4. Run your program with the following message stating the success of the execution:

[liye@test237 hadoop-0.20.2]$ bin/hadoop jar Playground/wordcount.jar org.apache.hadoop.examples.WordCount input My_ Output 11/12/05 21:33:30 INFO input. Fileinputformat:total input paths to process:1 11/12/05 21:33:31 INFO mapred. Jobclient:running job:job_201111281334_0014 11/12/05 21:33:32 INFO mapred. Jobclient:map 0% reduce 0% 11/12/05 21:33:41 INFO mapred. Jobclient:map 100% reduce 0% 11/12/05 21:33:53 INFO mapred. Jobclient:map 100% reduce 100% 11/12/05 21:33:55 INFO mapred. Jobclient:job complete:job_201111281334_0014 11/12/05 21:33:55 INFO mapred. Jobclient:counters:17 11/12/05 21:33:55 INFO mapred. Jobclient:job Counters 11/12/05 21:33:55 INFO mapred. jobclient:launched reduce Tasks=1 11/12/05 21:33:55 INFO mapred. jobclient:launched map Tasks=1 11/12/05 21:33:55 INFO mapred. Jobclient:data-local map Tasks=1 11/12/05 21:33:55 INFO mapred. Jobclient:filesystemcounters 11/12/05 21:33:55 INFO mapred. jobclient:file_bytes_read=25190 11/12/05 21:33:55 INFO mapred. jobclient:hdfs_bytes_read=44253 11/12/05 21:33:55 INFO mapred. jobclient:file_bytes_written=50412 11/12/05 21:33:55 INFO mapred. jobclient:hdfs_bytes_written=17876 11/12/05 21:33:55 INFO mapred. Jobclient:map-reduce Framework 11/12/05 21:33:55 INFO mapred. Jobclient:reduce input groups=1857 11/12/05 21:33:55 INFO mapred. Jobclient:combine output records=1857 11/12/05 21:33:55 INFO mapred. Jobclient:map input records=734 11/12/05 21:33:55 INFO mapred. Jobclient:reduce Shuffle bytes=25190 11/12/05 21:33:55 INFO mapred. Jobclient:reduce output records=1857 11/12/05 21:33:55 INFO mapred. jobclient:spilled records=3714 11/12/05 21:33:55 INFO mapred. Jobclient:map output bytes=73129 11/12/05 21:33:55 INFO mapred. Jobclient:combine input records=7696 11/12/05 21:33:55 INFO mapred. Jobclient:map output records=7696 11/12/05 21:33:55 INFO mapred. Jobclient:reduce input records=1857

5, view the results, in the file system My_output

6, finally everyone can change Wordcount.java inside the file, to achieve their desired effect.

Contact Us

The content source of this page is from Internet, which doesn't represent Alibaba Cloud's opinion; products and services mentioned on that page don't have any relationship with Alibaba Cloud. If the content of the page makes you feel confusing, please write us an email, we will handle the problem within 5 days after receiving your email.
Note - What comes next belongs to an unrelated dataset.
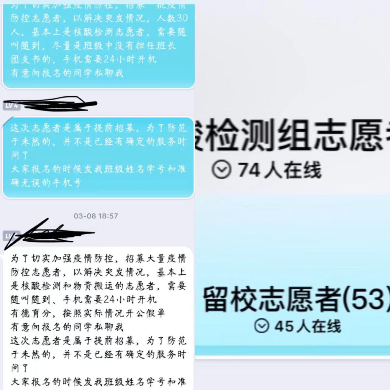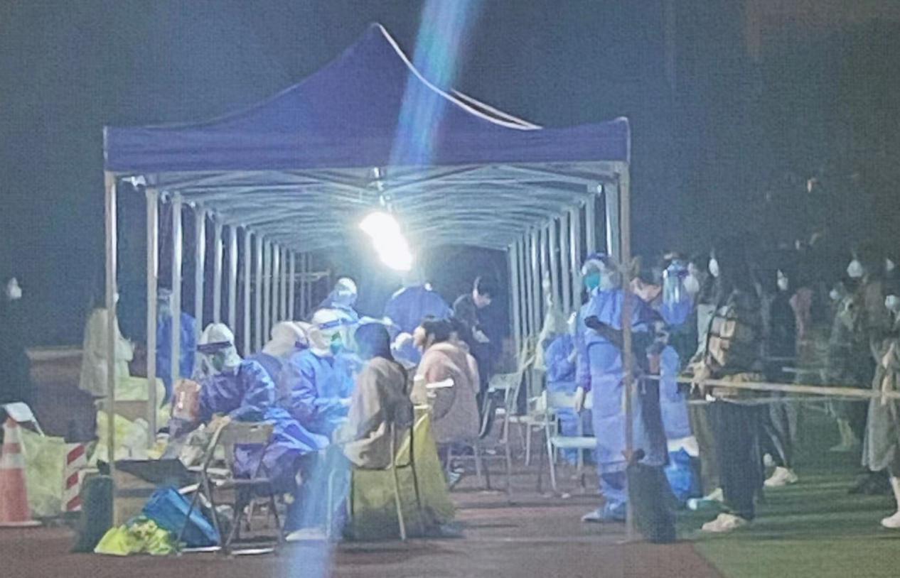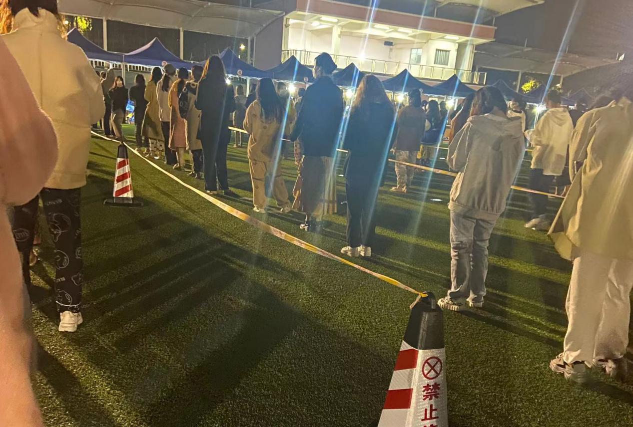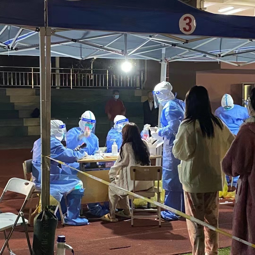 3月11日20:00,学校组织师生在操场进行大规模的核酸检测,各岗位志愿者自觉到场,秩序较好,一直到3月12日凌晨结束采样。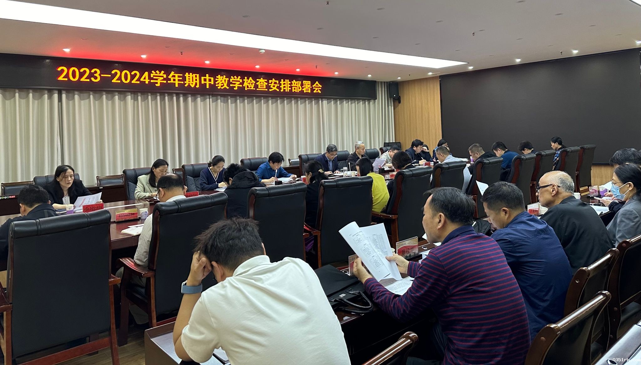 4月23日上午,我校在王城校区办公楼116会议室召开了2023/2024学年第二学期期中教学检查安排部署会。会议由副校长王新武主持,各教学单位副院长/副主任和校教学督导委员会全体委员参加了会议。

If you find any instances of plagiarism from the community, please send an email to: info-contact@alibabacloud.com and provide relevant evidence. A staff member will contact you within 5 working days.

A Free Trial That Lets You Build Big!

Start building with 50+ products and up to 12 months usage for Elastic Compute Service

  • Sales Support

    1 on 1 presale consultation

  • After-Sales Support

    24/7 Technical Support 6 Free Tickets per Quarter Faster Response

  • Alibaba Cloud offers highly flexible support services tailored to meet your exact needs.